What are your thoughts on the SEC’s Form CRS? Eckel: In our comment letter, we propose a one-page form instead of four-page. Clark: And digitized.
How about mergers & acquisitions in the advisor space? Clark: We’re seeing more M&A at the high end. We thought it was going to be small firms consolidating; it turns out it’s the billion dollar firms that are starting to consolidate and not in buy-outs but more in partnerships. We’re seeing models with more partners sharing equity, staying local, but being part of a larger organization. Not even necessarily in every case consolidating cost, but coming together; [for example,] the Focus IPO, which was very successful.
There’s a lot more equity, private equity and venture capital coming into the space because of the success of the [advisor] space.
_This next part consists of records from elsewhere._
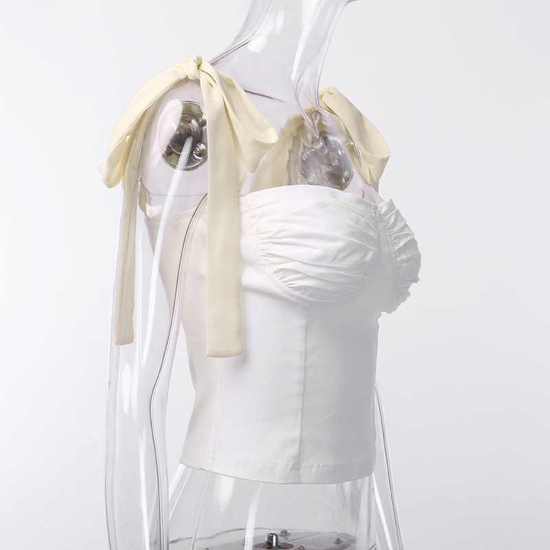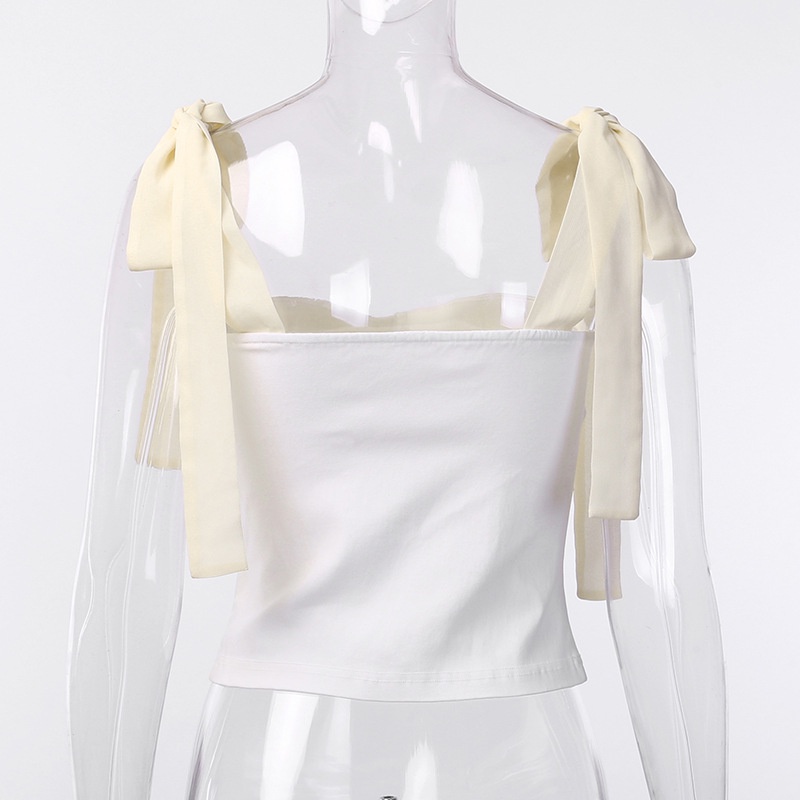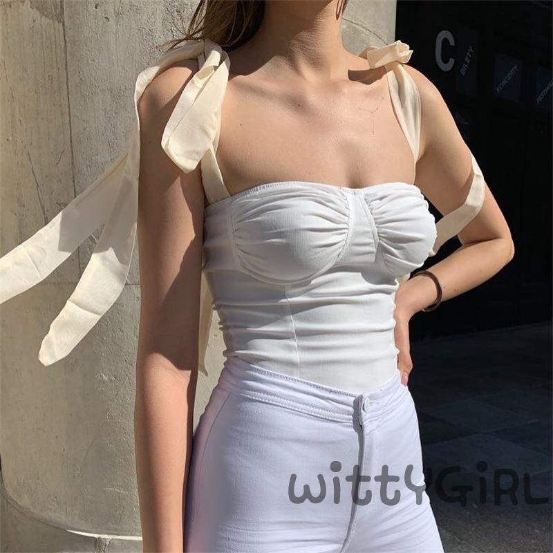 Women Lace Up Bow Camisole, Summer Casual Sleeveless Low Cut Bodycon Backless Crop Top
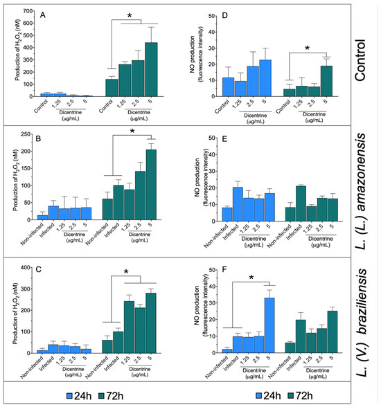 Infected and noninfected bone marrow-differentiated macrophages were treated with 1.25, 2.5, and 5 μg/mL of dicentrine purified from O. puberula leaves for 24 and 72 h, when H2O2 (A–C) and NO (D–F) levels were quantified. * p < 0.05 in comparison to controls.
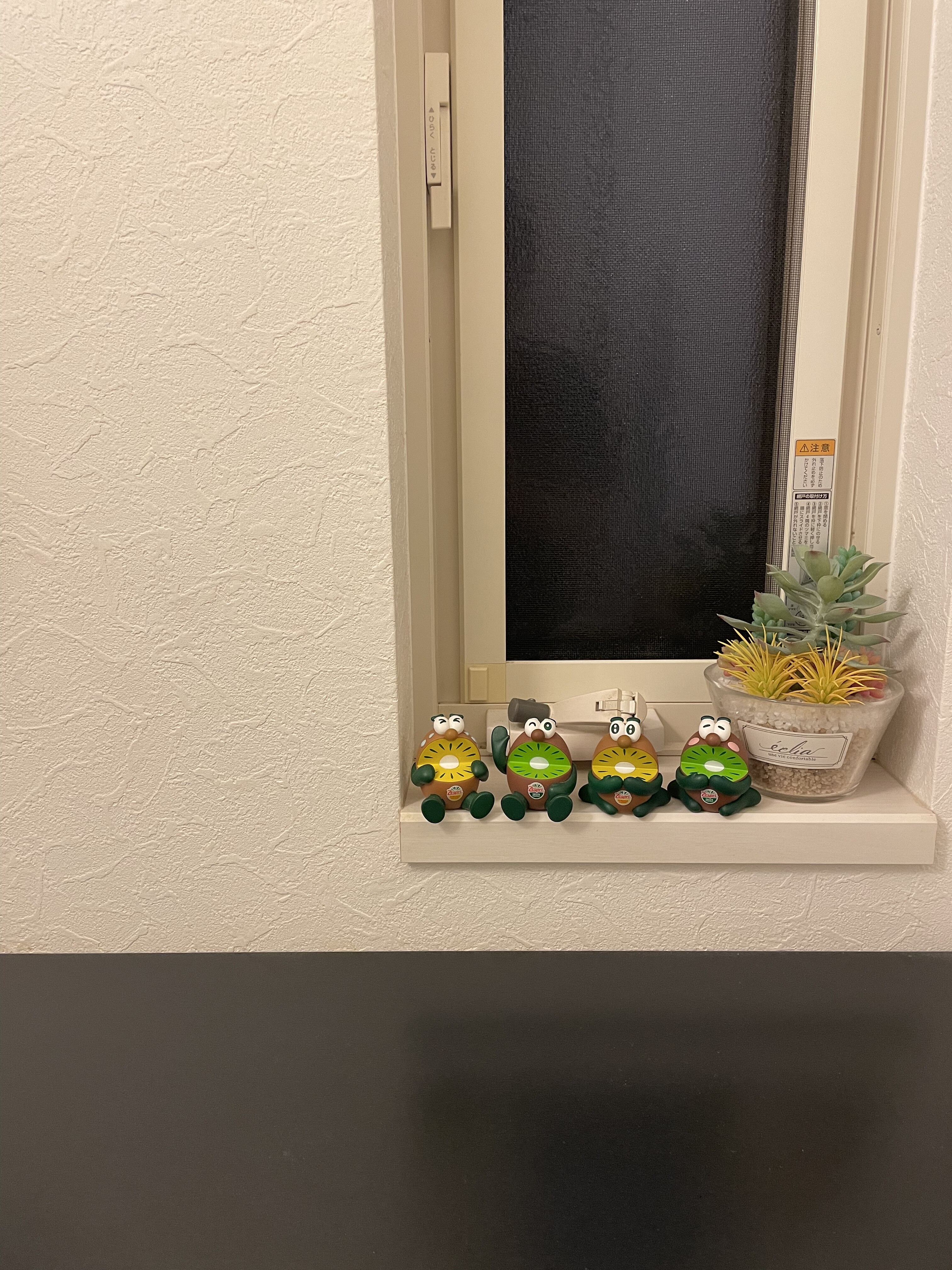 ちなみに私の愛車にも別バージョンのキウイが2体乗ってるし、キッチンにも2体。

What about crypto? Clark: Our advisors are not asking us to engage in crypto. They still see it as a high-risk area. They would rather their clients not engage through them …although there will be a market at [some point]. We watch blockchain as a firm very closely. It’s great technology. It happened to get overly associated with crypto … but we will be clearly following blockchain, which we think has a couple [more] years before you start to see effectiveness of its use.
What other issues are on Schwab’s radar? Eckel: We may meet with House Ways and Means folks and talk about different aspects of the recently passed tax reform legislation, [such as] the unintended consequences [that] resulted in unleveling the playing field between the treatment of commissions, [via] the deductibility of commissions versus fees.
The ability to deduct advisory fees was repealed in the new tax law. Since advisory fees cannot be included in the total taxable cost of advice, while commission fees can be included, the relative incentive to price by commission was increased versus fee-based compensation. Advisors were also left out [of the tax law’s pass-through provision].
Many industries were excluded from the pass-through provision. It was more a case of arbitrary dividing line that should be more thoroughly re-examined in the next round of reform, whenever that is. There was also a political calculation being made on the fly, as they were trying to limit the overall cost of the provision, so they couldn’t let all industries partake while keeping the cost within certain parameters.
We want to drive home the point that the advisor industry is a growing industry, quality jobs.
Clark: The commission vs. the fee deductibility issue is amiss. You wouldn’t do that if you were trying to promote best interest and fiduciary. I tend to look at the pass-through [issue] as people really not understanding that the independent advisor is a different entity. That’s the ongoing work of educating.